20:08 imirkin: yeah, so those are pgraph registers
20:09 imirkin: the actual values are passed in via scratch usually
20:09 imirkin: and the method is similar to a mask method
20:09 plutoo: yeah that's exactly what i'm seeing
20:09 imirkin: i.e. read, mask, or, write
20:09 plutoo: macro_14f(0x00418e40, 7, 0xf);
20:09 plutoo: macro_14f(0x00418e58, 0x842, 0xffff);
20:09 plutoo: ... etc
20:09 plutoo: looks like arg0 is the register address, arg1 is value, arg2 is mask
20:10 imirkin: right. so that means "read register 418e40, zero out the low 4 bits, or in 7, write back to 418e40"
20:10 imirkin: the special trick with this is that these are context-switched registers
20:10 imirkin: so the writes have to done as part of the command stream
20:12 plutoo: are the registers at 0x00418000 documented somewhere?
20:13 imirkin: rnndb. those specific ones aren't.
20:13 imirkin: $ ~/src/envytools/rnn/lookup -a 120 418e40
20:13 imirkin: PGRAPH.GPC_BROADCAST.UNKE00+0x40
20:25 < }8]> hey fellas. im trying to start xorg and get " Failed to load module "nouveau" (module does not exist, 0)", but i have nouveau compiled (as module, kernel 4.15.14) and actually already loaded: nouveau 1449984 0
20:25 < }8]> any ideas whats going wrong?

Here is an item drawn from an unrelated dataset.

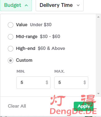 灯得找她的原因是价格便宜,做出来的LOGO看起来还不错,而且沟通比较方便。我只告诉她我的网站域名以及打算卖什么东西,然后她就给了我几个设计图让我选,上面那个看起来还不错。你也可以在Fiverr的搜索栏输入”logo design”,然后在“Budget”那里选择“Custom’,并输入“MIN=5,MAX=5”,这样就可以找出所有提供5美元做一个LOGO的卖家。如下图所示:
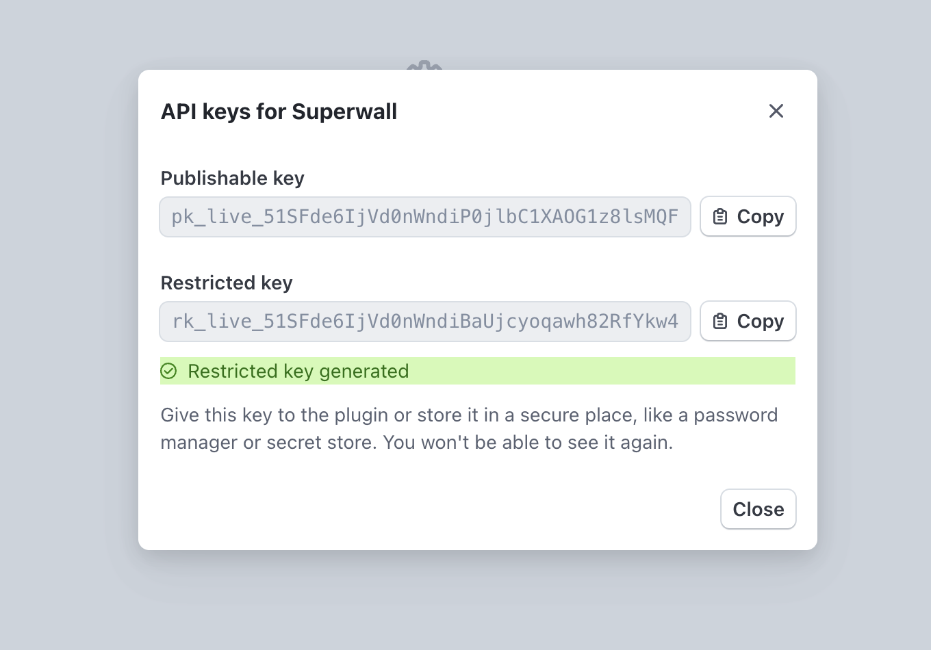 After installation, you'll receive a Publishable Key and a Restricted Secret Key with the proper permissions already configured. Copy both keys:

20:26 < }8]> n/m, i needed xserver-xorg-video-nouveau
20:29 < }8]> is xserver-xorg-video-fbdev required for nouveau?
21:14 orbea: }8]: is it blacklisted?
21:15 orbea: is there a problem with your xorg.conf? (try removing it)
21:44 imirkin: if you still need help, pastebin dmesg and xorg logs
21:46 karolherbst: wow, I like those kind of rewrites: 48396 -> 48485 Pass rate
21:51 karolherbst: just piglit sillyness though
22:01 imirkin: ?
22:08 karolherbst: imirkin: sometimes tests get disabled because others crashed/failed
22:13 imirkin: ah
22:28 pmoreau: imirkin: Ah, good to know. We should update the wiki some day.